**WORK INSTRUCTIONS:** Reproduce exactly only the lines from the line that holds "Литой слиток для" to the line that holds "百掛け シンプル セット パジャマ 裏起毛 暖かい ルームウェア 蝶結び", inclusive, in the listing below, and please leave out every picture.

**TASK MATERIAL:**
——————
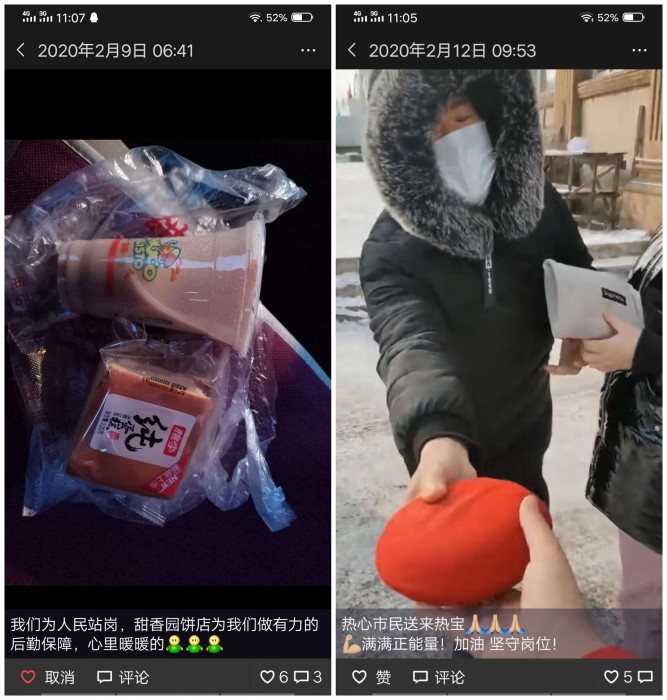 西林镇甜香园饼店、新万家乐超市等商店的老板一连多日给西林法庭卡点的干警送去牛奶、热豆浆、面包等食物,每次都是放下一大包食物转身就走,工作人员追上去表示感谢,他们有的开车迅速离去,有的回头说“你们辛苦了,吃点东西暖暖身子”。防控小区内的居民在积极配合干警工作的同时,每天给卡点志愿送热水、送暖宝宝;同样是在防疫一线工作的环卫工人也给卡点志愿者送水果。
——————
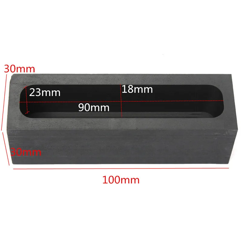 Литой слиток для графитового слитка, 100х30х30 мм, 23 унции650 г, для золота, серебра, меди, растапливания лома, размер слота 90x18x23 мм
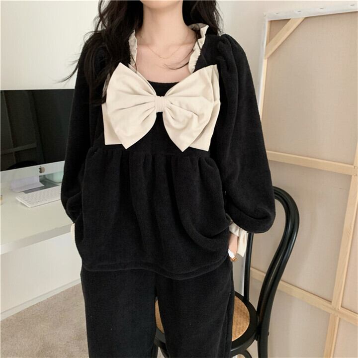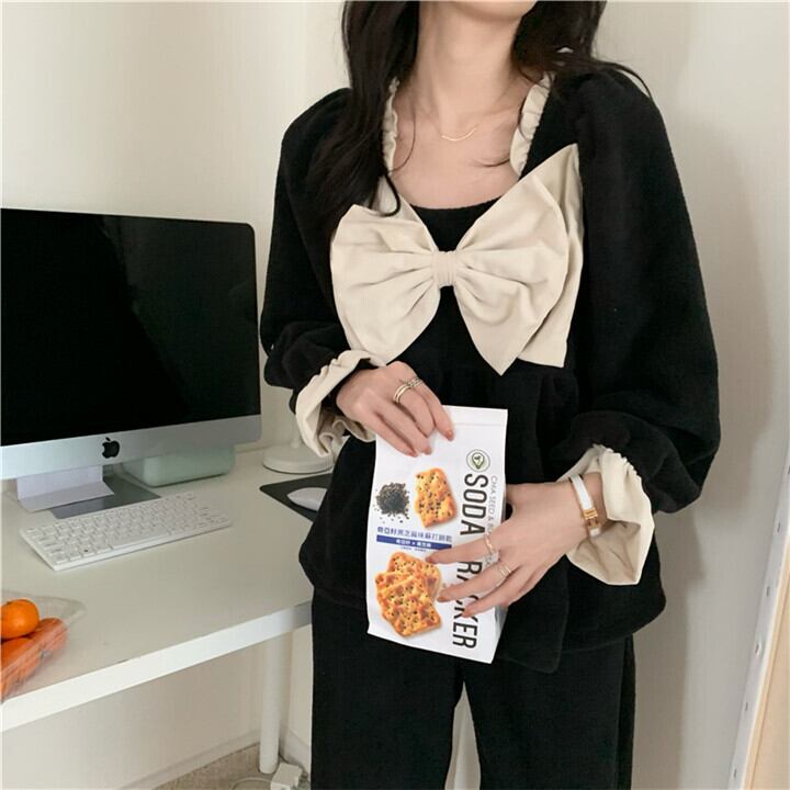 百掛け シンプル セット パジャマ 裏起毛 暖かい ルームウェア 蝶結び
——————
**EXPECTED OUTPUT:**
 Литой слиток для графитового слитка, 100х30х30 мм, 23 унции650 г, для золота, серебра, меди, растапливания лома, размер слота 90x18x23 мм
 百掛け シンプル セット パジャマ 裏起毛 暖かい ルームウェア 蝶結び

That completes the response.